§ ACTION ITEM: In the entries below, begin at the line that has "Kyllä. Lisää ja" and stop after the line that has "Vội vàng đóng"; output those lines exactly, leaving out pictures.

§ RECORDS PROVIDED:
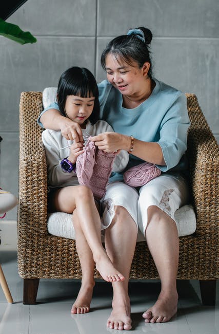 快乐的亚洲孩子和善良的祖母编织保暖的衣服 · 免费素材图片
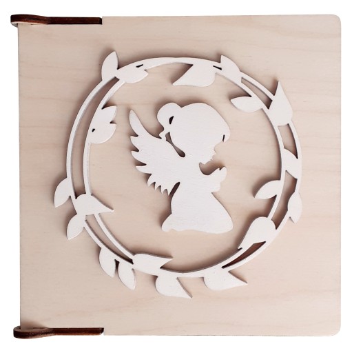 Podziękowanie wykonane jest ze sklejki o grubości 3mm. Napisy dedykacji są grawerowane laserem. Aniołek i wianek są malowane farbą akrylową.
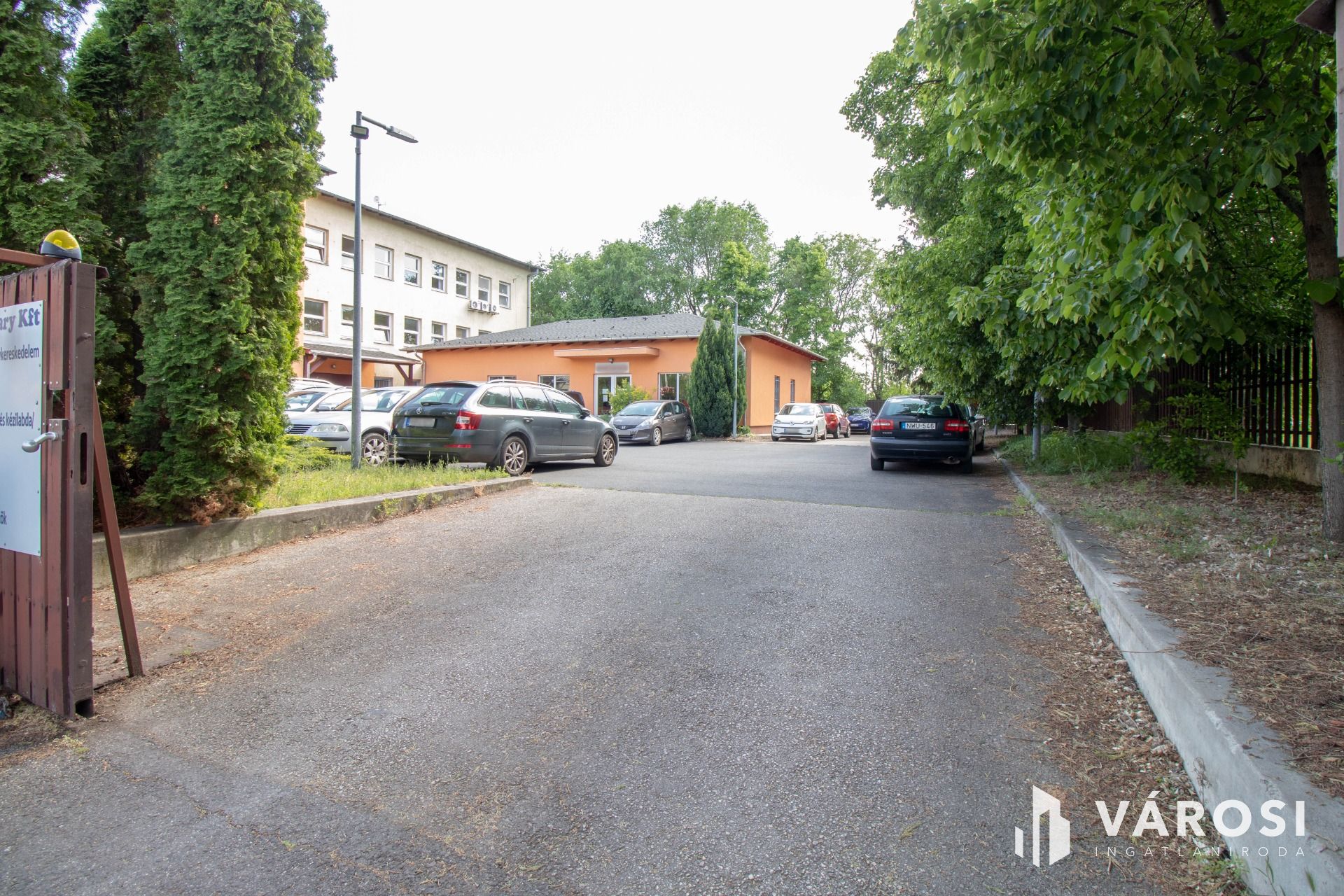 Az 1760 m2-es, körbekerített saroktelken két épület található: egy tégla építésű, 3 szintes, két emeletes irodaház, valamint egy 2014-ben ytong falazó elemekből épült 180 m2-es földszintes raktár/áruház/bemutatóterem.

---

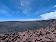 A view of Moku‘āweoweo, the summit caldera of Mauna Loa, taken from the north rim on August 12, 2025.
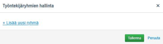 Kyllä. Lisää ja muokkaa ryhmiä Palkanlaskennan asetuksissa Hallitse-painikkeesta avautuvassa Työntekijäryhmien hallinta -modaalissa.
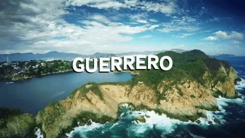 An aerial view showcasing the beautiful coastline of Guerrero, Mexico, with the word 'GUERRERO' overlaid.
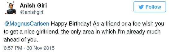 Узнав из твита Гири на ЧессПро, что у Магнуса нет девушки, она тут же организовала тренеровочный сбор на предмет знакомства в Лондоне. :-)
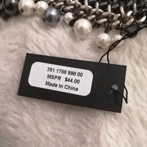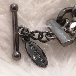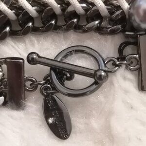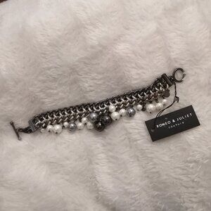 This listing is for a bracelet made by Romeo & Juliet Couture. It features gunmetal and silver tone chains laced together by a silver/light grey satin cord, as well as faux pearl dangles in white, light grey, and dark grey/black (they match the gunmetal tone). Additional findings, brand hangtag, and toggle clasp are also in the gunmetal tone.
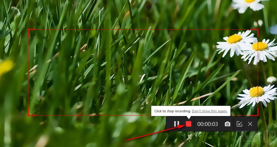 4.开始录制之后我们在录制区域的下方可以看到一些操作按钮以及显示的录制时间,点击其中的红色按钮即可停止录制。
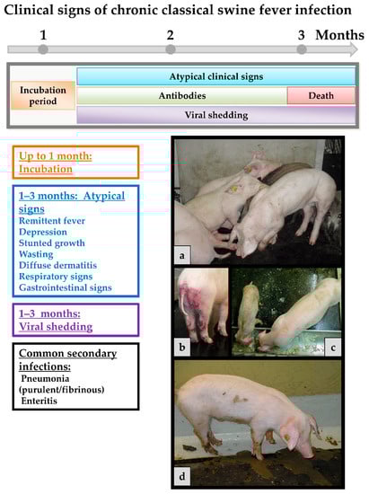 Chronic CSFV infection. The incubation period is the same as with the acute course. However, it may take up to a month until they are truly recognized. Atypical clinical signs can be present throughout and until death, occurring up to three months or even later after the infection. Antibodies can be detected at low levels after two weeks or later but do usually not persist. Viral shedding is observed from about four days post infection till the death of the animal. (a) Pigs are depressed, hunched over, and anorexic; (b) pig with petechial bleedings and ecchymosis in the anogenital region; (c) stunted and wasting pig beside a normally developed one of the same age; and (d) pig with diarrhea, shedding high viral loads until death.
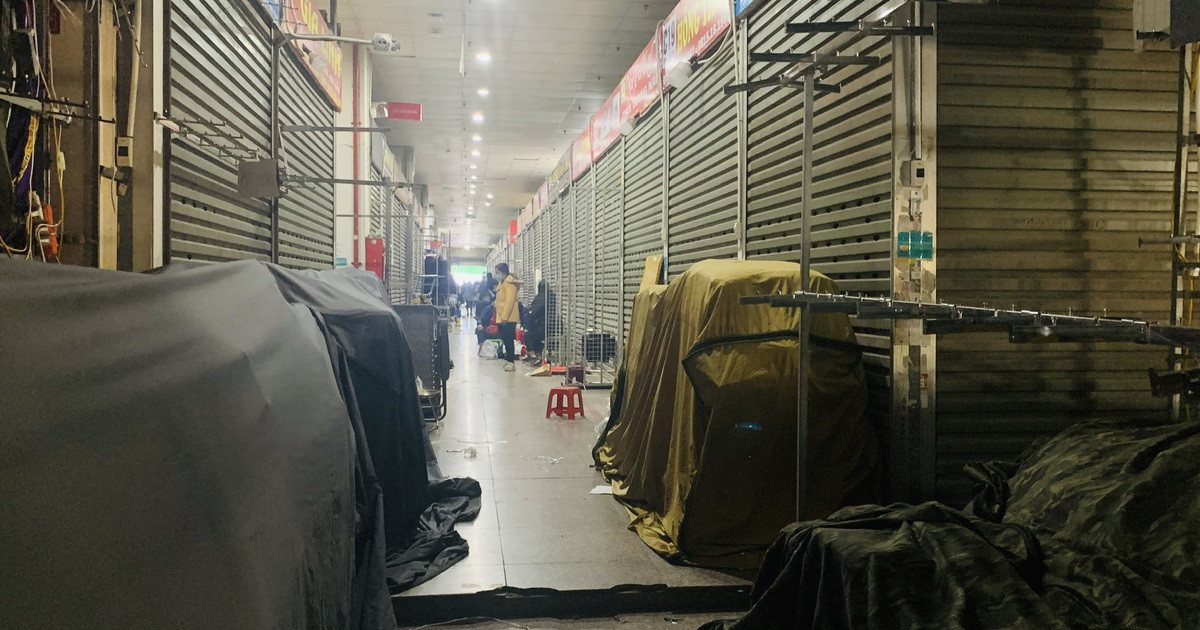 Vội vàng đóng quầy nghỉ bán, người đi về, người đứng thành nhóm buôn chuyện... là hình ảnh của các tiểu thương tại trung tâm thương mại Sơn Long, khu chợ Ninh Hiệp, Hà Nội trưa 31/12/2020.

§ SOLUTION FOR THIS PROBLEM:
 Kyllä. Lisää ja muokkaa ryhmiä Palkanlaskennan asetuksissa Hallitse-painikkeesta avautuvassa Työntekijäryhmien hallinta -modaalissa.
 An aerial view showcasing the beautiful coastline of Guerrero, Mexico, with the word 'GUERRERO' overlaid.
 Узнав из твита Гири на ЧессПро, что у Магнуса нет девушки, она тут же организовала тренеровочный сбор на предмет знакомства в Лондоне. :-)
 This listing is for a bracelet made by Romeo & Juliet Couture. It features gunmetal and silver tone chains laced together by a silver/light grey satin cord, as well as faux pearl dangles in white, light grey, and dark grey/black (they match the gunmetal tone). Additional findings, brand hangtag, and toggle clasp are also in the gunmetal tone.
 4.开始录制之后我们在录制区域的下方可以看到一些操作按钮以及显示的录制时间,点击其中的红色按钮即可停止录制。
 Chronic CSFV infection. The incubation period is the same as with the acute course. However, it may take up to a month until they are truly recognized. Atypical clinical signs can be present throughout and until death, occurring up to three months or even later after the infection. Antibodies can be detected at low levels after two weeks or later but do usually not persist. Viral shedding is observed from about four days post infection till the death of the animal. (a) Pigs are depressed, hunched over, and anorexic; (b) pig with petechial bleedings and ecchymosis in the anogenital region; (c) stunted and wasting pig beside a normally developed one of the same age; and (d) pig with diarrhea, shedding high viral loads until death.
 Vội vàng đóng quầy nghỉ bán, người đi về, người đứng thành nhóm buôn chuyện... là hình ảnh của các tiểu thương tại trung tâm thương mại Sơn Long, khu chợ Ninh Hiệp, Hà Nội trưa 31/12/2020.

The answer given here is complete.